Masaki Kawada Web

実生の庭、星座の輪郭

あまり手を入れず、半ば植物の育つがまま、なるがままに任せている自宅の庭。葉と葉は触れ合い、枝は重なり、所々に深い影を落とす。最近は苗木を買って植えることが少なくなったから、このぼうぼうさ加減は新たな種が自然に蒔かれた、運ばれてきたということだろう。庭の半分は植木鉢や買ってきた苗木が育った厚み、残りの半分は自然に育った実生の厚み。

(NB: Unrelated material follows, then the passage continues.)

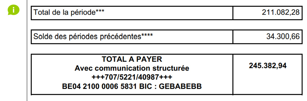 - Solde des périodes précédentes : reprend le total des primes des échéances en cours (du ou des mois précédent(s)) Le détail de ces périodes précédentes se trouve sous les 4 astérisques
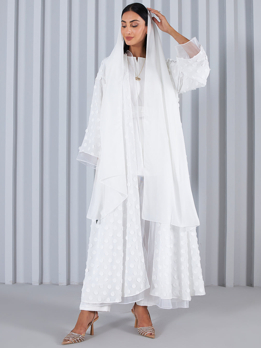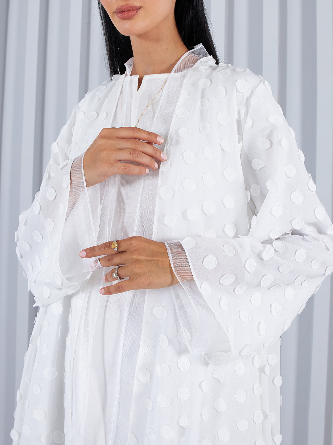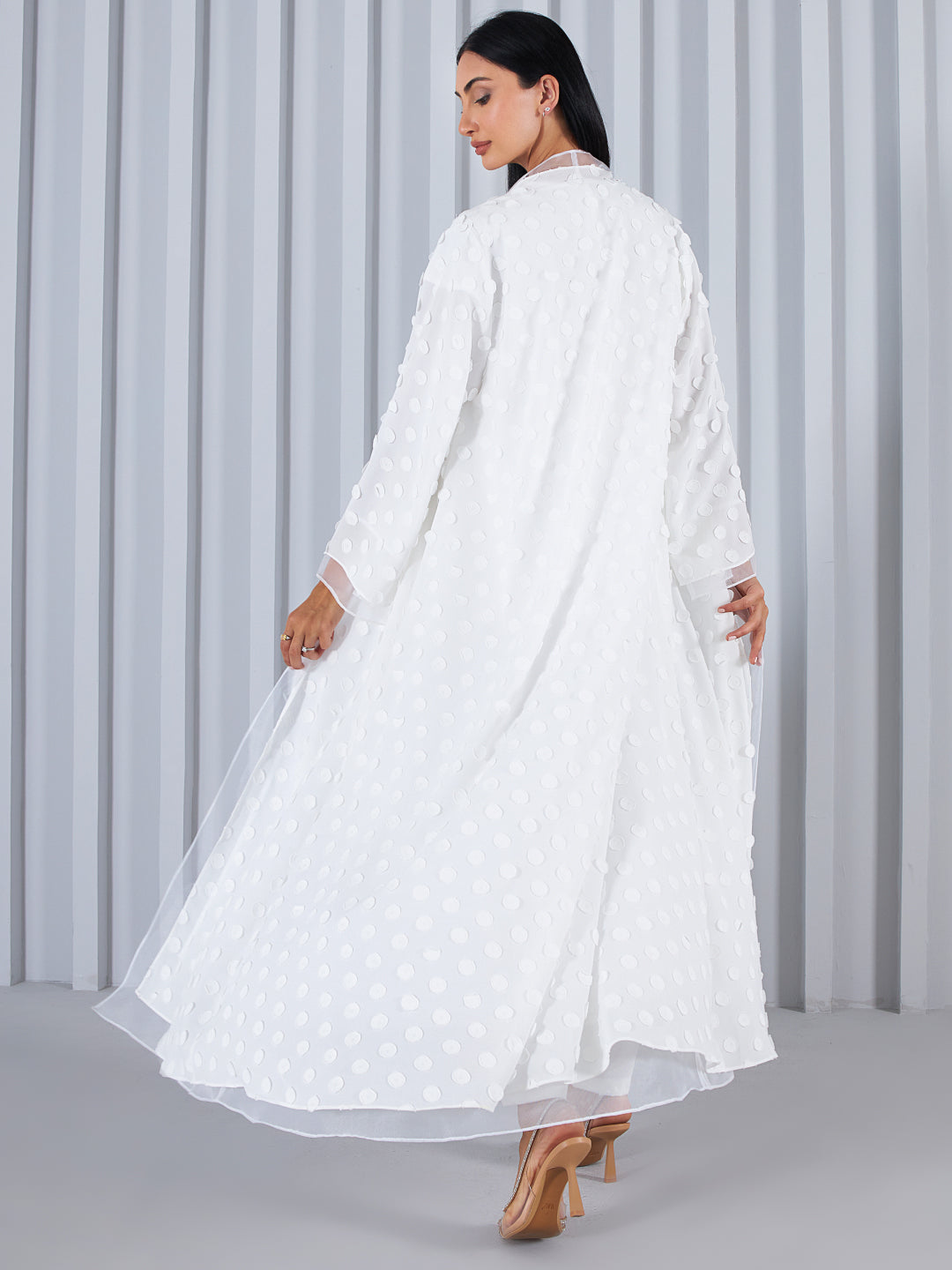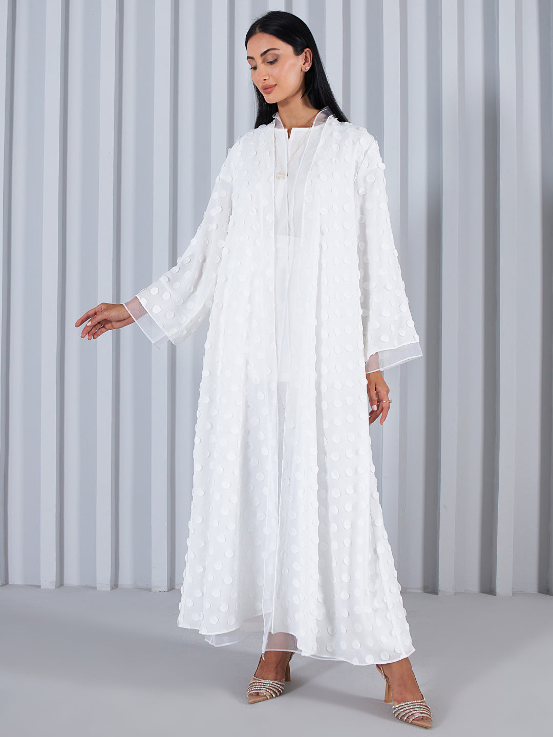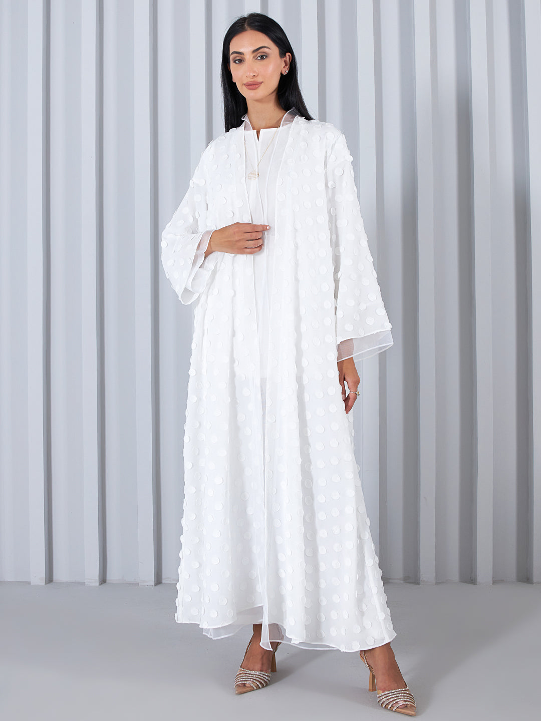 عباية من قماش الجرجيت الرائع مع زخرفة من الدوائر مركبة عليها ، يأطراف من قماش أورجانزا أنيق

夜、空を見上げてみればそこには満天の星。星座に詳しい人なら、そこにさまざまな星座を見る事ができるのだろう。星座にうとい僕にはただ輝く星々が見えるだけ。星座は見えない。星のひとつひとつを紙に写し取ってみてもただの点になってしまう。でも、今、僕に届いている輝きにはきっと奥行きがあるはず。星座を横から見たらどう見えるのか。星座の輪郭を想像してみる。

種から育てる実生のように作品をつくり、そこからまた種を採取して新たな作品をつくる。庭に蒔かれた種の芽生えを見守るように、作品を展示する事の中でも実生の現れを待つ。そして、それら作品や実生の現れを含めて、移り行く事象を注意深く観察し、眺める。もし、そこに見えている事象そのままに別の事象が重なって見える時があるとしたら、それは想像するしかなかった星座の輪郭が星々の輝きの中に見える時なのかも知れない。